EAI: Design Pattern (I)

This is to share one of the high level implementation design patterns of Enterprise Application Integration irrespective of technologies and tools.

Implementation design of Enterprise Application Integration largely depends on present systems, the reusability of the existing applications and tools being used (if any). Following is the design, which I find, in principal suits most of the application integration:




Here the arrows indicate the data flow through synchronous and asynchronous calls. The circles at one end of the arrows signify which module can initiate the data flows or service calls.

To discuss the above design in details we’ll go through an example. Let us consider the business scenario of a telecom company. To make it simple let’s assume that the company has two Applications which need to be integrated to implement the business processes:

  • Application 1: Manages the asset details
  • Application 2: Manages the provisioning and scheduling details

Following describes the different modules mentioned in the design (in details) :

Processes:


Every business scenario should be divided into processes which control the flow of business object from start to end. In our example of the telecom company, the processes could be – installing a new telephone service, installing a video service, disconnecting a service etc. All business rules and business exception handling should be implemented here. At different stages of the flow, process will interact with system blades or application services.
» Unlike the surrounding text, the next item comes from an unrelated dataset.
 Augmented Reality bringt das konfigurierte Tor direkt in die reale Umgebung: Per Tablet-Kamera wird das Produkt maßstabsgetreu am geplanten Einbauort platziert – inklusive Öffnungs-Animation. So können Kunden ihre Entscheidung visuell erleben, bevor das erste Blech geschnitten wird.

Processes allow us to have central controller which is easy to maintain and troubleshoot.

System Blades:

System Blades is the interface for any application. It routes requests/responses through adapters/connectors for the particular application (in the above picture rectangles inside system blades indicate connectors/adapters). All requests from the processes and responses from the application should go through this component. System blades will convert business objects to system objects. This is the place holder where system exceptions (example: connection exception with the application) should be handled. The particular design helps to manage resources (connection etc) at one place and improve scalability by clustering the blades (or managing the threads of the blade).
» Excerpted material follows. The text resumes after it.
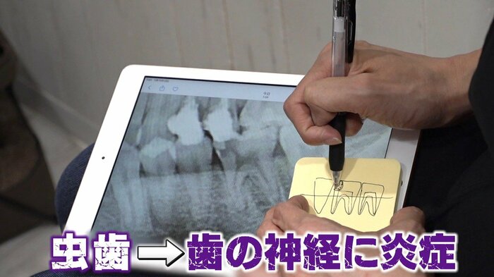 診察を行うと、虫歯が進行し歯の神経に炎症が起きていました。すぐに痛みの原因である神経を抜く治療を施します。

Considering our example, the system blade for application 1, which manages assets, should be able to handle all query/update/delete requests related to the application.


Application Services:

These are utility services – different processes will interact with these application services in different business state. This helps to have a service oriented reusable architecture.

Taking into account the use case of telecom processes, the examples of application services could be provisioning service, custom database, logging service etc.